Work required. Find the line with "FERNANDO VII. Lote" in the records below. Output exactly from there until after the line with "店舗閉店に関するお知らせ", without pictures.

Data for this exercise.
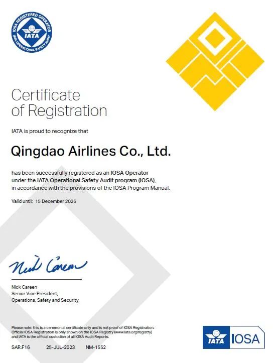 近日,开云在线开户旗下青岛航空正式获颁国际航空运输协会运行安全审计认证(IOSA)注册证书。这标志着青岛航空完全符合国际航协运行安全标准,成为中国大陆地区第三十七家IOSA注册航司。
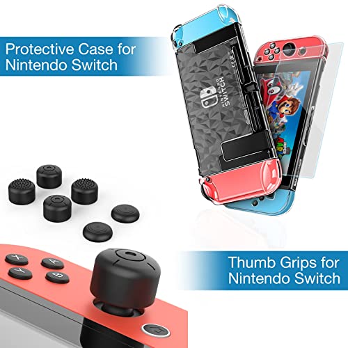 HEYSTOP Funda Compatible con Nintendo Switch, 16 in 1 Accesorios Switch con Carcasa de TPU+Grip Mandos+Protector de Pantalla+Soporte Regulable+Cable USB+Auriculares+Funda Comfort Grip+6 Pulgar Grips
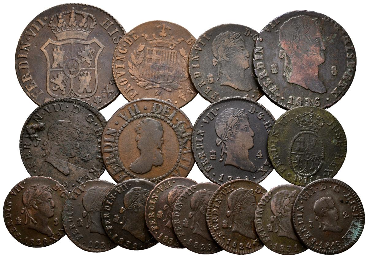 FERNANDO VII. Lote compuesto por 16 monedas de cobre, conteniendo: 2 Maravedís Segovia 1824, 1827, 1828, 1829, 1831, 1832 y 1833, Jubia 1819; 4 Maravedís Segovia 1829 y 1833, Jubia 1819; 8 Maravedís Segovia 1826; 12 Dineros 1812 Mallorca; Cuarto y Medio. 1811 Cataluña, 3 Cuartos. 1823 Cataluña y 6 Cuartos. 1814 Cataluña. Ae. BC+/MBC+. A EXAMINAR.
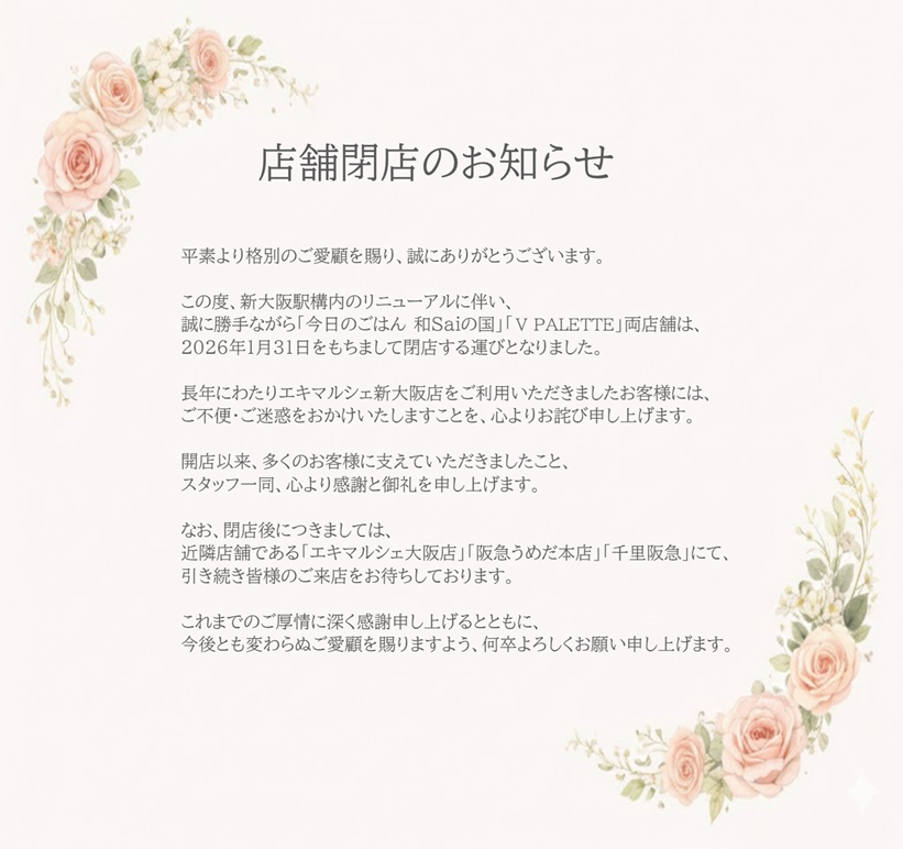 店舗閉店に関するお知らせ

--

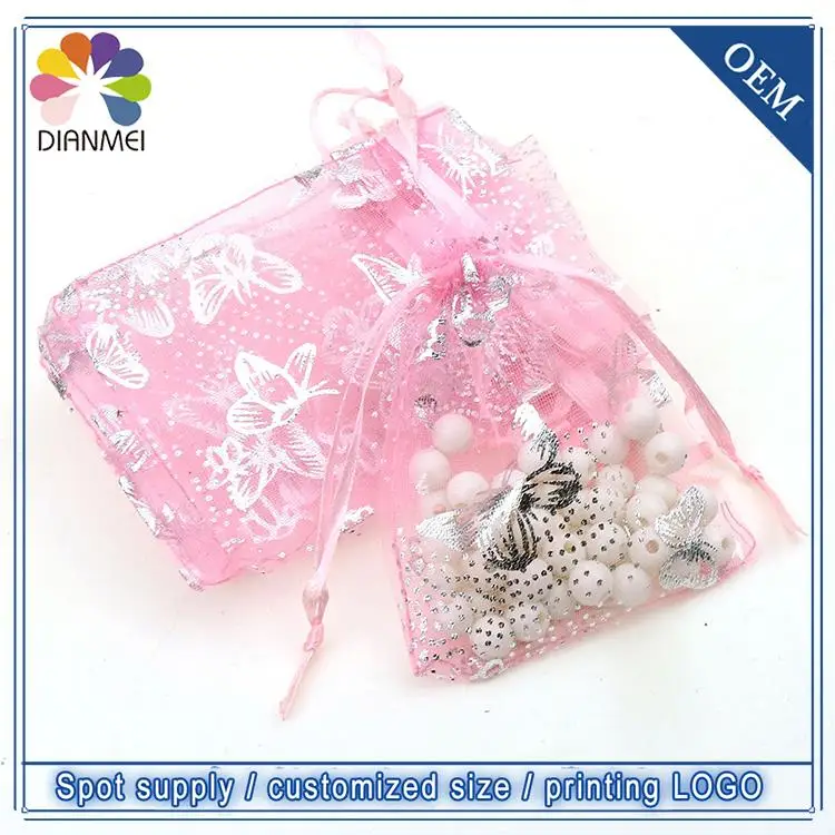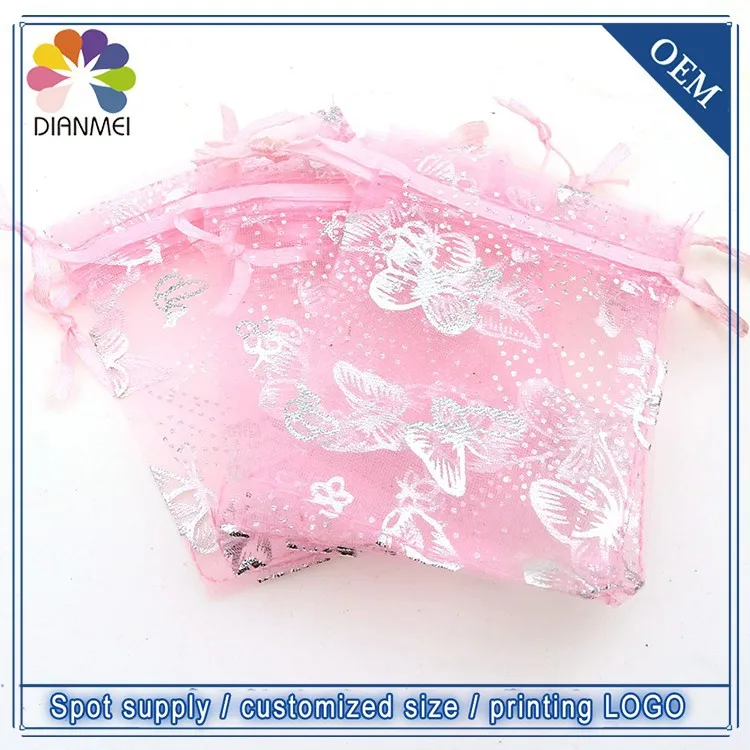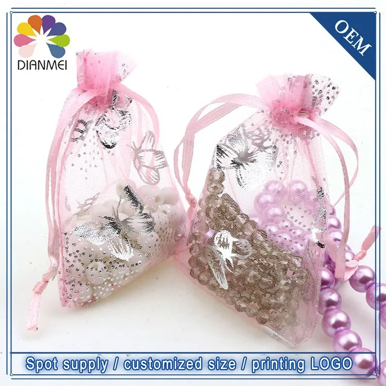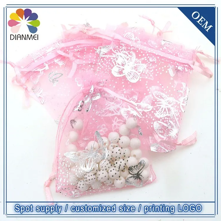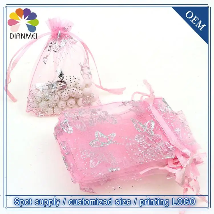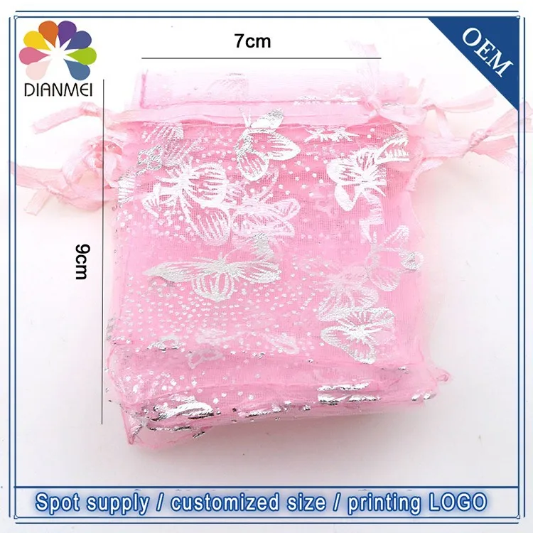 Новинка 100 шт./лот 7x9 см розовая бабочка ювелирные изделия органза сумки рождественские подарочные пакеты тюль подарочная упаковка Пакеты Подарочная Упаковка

Answer for this exercise.
 FERNANDO VII. Lote compuesto por 16 monedas de cobre, conteniendo: 2 Maravedís Segovia 1824, 1827, 1828, 1829, 1831, 1832 y 1833, Jubia 1819; 4 Maravedís Segovia 1829 y 1833, Jubia 1819; 8 Maravedís Segovia 1826; 12 Dineros 1812 Mallorca; Cuarto y Medio. 1811 Cataluña, 3 Cuartos. 1823 Cataluña y 6 Cuartos. 1814 Cataluña. Ae. BC+/MBC+. A EXAMINAR.
 店舗閉店に関するお知らせ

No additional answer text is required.